Free Novel Read

The Americans Are Coming Page 15


  “Yeah, I remember him. Same lad you were guidin’ all week, weren’t it?” asked Stan.

  “Yeah, that’s the same old jeezer!”

  “I never heard that story,” said Dan Brennen. “What happened?”

  “Well, I was guidin’ him in April and he wouldn’ piss in the river. I was goin’ up the river with that ten Johnson out-board motor and he was in the front. When he needed a piss, he pulled out this pickle bottle and started to piss in it. The wind was blowin’ real hard and the piss kept blowin’ back all over me . . . jist kind of a fine spray, if ya know what I mean. I snubbed ’er up some quick, I tell ya! I ain’t drinkin’ yer piss all the way to Gordon, I told ’im!”

  All the men laughed.

  “Oh yeah, yeah, yeah,” commenced Lindon. “Sold that old shore o’ mine. Sold it, yeah. No good, that old shore. Got rid o’ it, so I did. Got rid o’ it. Might sell the whole place, yet. Move to Fredericton, I think. Move to Fredericton and take ’er easy.”

  There were no secrets in Brennen Siding. All the men knew that Lindon had sold his property. Somehow, Bert Todder had found out.

  “You’ll get a job lookin’ after that lad’s camp when he gets it built, won’t ya, Lindon?”

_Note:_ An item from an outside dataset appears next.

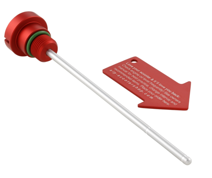 Die Öleinfüllschraube / Messstab SIP PORDOI für das Motoröl wird aus hochwertigem Aluminium CNC gefräst. Durch das schlichte Design sehen die Öleinfüllschrauben an jedem Fahrzeug schön aus und fügen sich gut in das Gesamtbild der Vespa ein. Am Messstab ist die Skala entsprechend der originalen Einfüllschrauben ausgerichtet, der passende Dichtring ist bereits angebracht. Oft werden die serienmäßigen Einfüllschrauben bei parkenden Fahrzeugen entwendet. Um Unbefugten die Arbeit zu erschweren, hat SIP an ein kleines Sicherheitsplus gedacht und liefert ein spezielles Montage-Tool mit den Einfüllschrauben welches praktischer Weise auch als Schlüsselanhänger genutzt werden kann.

  “He didn’ say for sure. I might, I might, ya never know, I might! I think I’ll sell the whole place and move to Fredericton. Lay right back in Fredericton.”

  “I’d sell that old place o’ mine some quick,” said Bert Todder. “That old shore, anyway. Them old shores ain’t no good to a man.”

  “Should be able to sell that old shore o’ yours, no trouble, Bert. The mouth o’ Todder Brook is right there. There’s always salmon at the mouth o’ the brook. Why don’t ya sell it and get a big chunk o’ money for it?” said John Kaston. “Them old shores ain’t worth nothin’.”

  “Ain’t worth nothin’, no,” said Lindon Tucker. “Sold mine, so I did. Yep. Think I’ll move to Fredericton. Lay right back, take ’er easy, yeah.”

  *

  Lillian Wallace was not laughing. Fifteen-year-old Lillian Wallace had a tear in her eye. Lillian Wallace said, “I’m going to miss you, Dryfly,” and meant it.

  “Gonna miss you too,” said Dryfly.

  “I’ll come back next year, Dry. We’ll get together again next year.”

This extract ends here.